• INSTRUCTIONS FOR THE TASK:
Of all the lines below, return only those starting with the line holding "ヒーロー風カッコイイあだ名 | 『正義の使者しまうちみき』 |" and going on through the line holding "疫情期間,即墨區(qū)中醫", exactly as written.

• PROVIDED RECORDS:
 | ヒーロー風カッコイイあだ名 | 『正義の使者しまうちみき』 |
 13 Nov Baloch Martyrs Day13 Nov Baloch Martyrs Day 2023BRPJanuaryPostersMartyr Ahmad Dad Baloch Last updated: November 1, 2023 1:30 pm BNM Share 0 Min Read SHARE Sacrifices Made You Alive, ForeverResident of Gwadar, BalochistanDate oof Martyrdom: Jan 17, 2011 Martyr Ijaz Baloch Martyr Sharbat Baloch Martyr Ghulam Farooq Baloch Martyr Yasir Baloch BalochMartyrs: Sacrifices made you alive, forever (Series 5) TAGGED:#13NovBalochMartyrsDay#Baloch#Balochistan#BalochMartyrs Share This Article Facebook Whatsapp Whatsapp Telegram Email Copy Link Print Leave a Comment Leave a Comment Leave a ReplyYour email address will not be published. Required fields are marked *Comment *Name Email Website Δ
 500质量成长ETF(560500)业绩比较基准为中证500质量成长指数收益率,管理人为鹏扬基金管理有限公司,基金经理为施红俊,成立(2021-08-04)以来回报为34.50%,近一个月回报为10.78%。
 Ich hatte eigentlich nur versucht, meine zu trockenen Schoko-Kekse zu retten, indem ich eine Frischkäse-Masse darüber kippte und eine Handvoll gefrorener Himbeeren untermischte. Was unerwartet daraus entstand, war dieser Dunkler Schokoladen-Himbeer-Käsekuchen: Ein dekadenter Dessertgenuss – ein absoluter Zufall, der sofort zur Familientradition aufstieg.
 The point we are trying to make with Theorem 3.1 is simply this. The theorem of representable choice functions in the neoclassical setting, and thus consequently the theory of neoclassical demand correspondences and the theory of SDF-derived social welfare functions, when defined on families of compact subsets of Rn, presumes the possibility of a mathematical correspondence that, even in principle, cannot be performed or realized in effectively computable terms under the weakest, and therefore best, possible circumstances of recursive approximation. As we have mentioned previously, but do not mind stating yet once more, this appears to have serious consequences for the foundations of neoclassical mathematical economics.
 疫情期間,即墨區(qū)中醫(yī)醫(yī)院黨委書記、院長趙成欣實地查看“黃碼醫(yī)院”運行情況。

...

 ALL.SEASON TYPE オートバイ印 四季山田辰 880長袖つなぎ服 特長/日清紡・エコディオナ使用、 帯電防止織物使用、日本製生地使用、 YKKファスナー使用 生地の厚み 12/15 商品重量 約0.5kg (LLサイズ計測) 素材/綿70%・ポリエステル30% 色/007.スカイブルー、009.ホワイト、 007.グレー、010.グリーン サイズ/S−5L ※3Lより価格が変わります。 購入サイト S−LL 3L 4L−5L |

• TASK RESULT:
 | ヒーロー風カッコイイあだ名 | 『正義の使者しまうちみき』 |
 13 Nov Baloch Martyrs Day13 Nov Baloch Martyrs Day 2023BRPJanuaryPostersMartyr Ahmad Dad Baloch Last updated: November 1, 2023 1:30 pm BNM Share 0 Min Read SHARE Sacrifices Made You Alive, ForeverResident of Gwadar, BalochistanDate oof Martyrdom: Jan 17, 2011 Martyr Ijaz Baloch Martyr Sharbat Baloch Martyr Ghulam Farooq Baloch Martyr Yasir Baloch BalochMartyrs: Sacrifices made you alive, forever (Series 5) TAGGED:#13NovBalochMartyrsDay#Baloch#Balochistan#BalochMartyrs Share This Article Facebook Whatsapp Whatsapp Telegram Email Copy Link Print Leave a Comment Leave a Comment Leave a ReplyYour email address will not be published. Required fields are marked *Comment *Name Email Website Δ
 500质量成长ETF(560500)业绩比较基准为中证500质量成长指数收益率,管理人为鹏扬基金管理有限公司,基金经理为施红俊,成立(2021-08-04)以来回报为34.50%,近一个月回报为10.78%。
 Ich hatte eigentlich nur versucht, meine zu trockenen Schoko-Kekse zu retten, indem ich eine Frischkäse-Masse darüber kippte und eine Handvoll gefrorener Himbeeren untermischte. Was unerwartet daraus entstand, war dieser Dunkler Schokoladen-Himbeer-Käsekuchen: Ein dekadenter Dessertgenuss – ein absoluter Zufall, der sofort zur Familientradition aufstieg.
 The point we are trying to make with Theorem 3.1 is simply this. The theorem of representable choice functions in the neoclassical setting, and thus consequently the theory of neoclassical demand correspondences and the theory of SDF-derived social welfare functions, when defined on families of compact subsets of Rn, presumes the possibility of a mathematical correspondence that, even in principle, cannot be performed or realized in effectively computable terms under the weakest, and therefore best, possible circumstances of recursive approximation. As we have mentioned previously, but do not mind stating yet once more, this appears to have serious consequences for the foundations of neoclassical mathematical economics.
 疫情期間,即墨區(qū)中醫(yī)醫(yī)院黨委書記、院長趙成欣實地查看“黃碼醫(yī)院”運行情況。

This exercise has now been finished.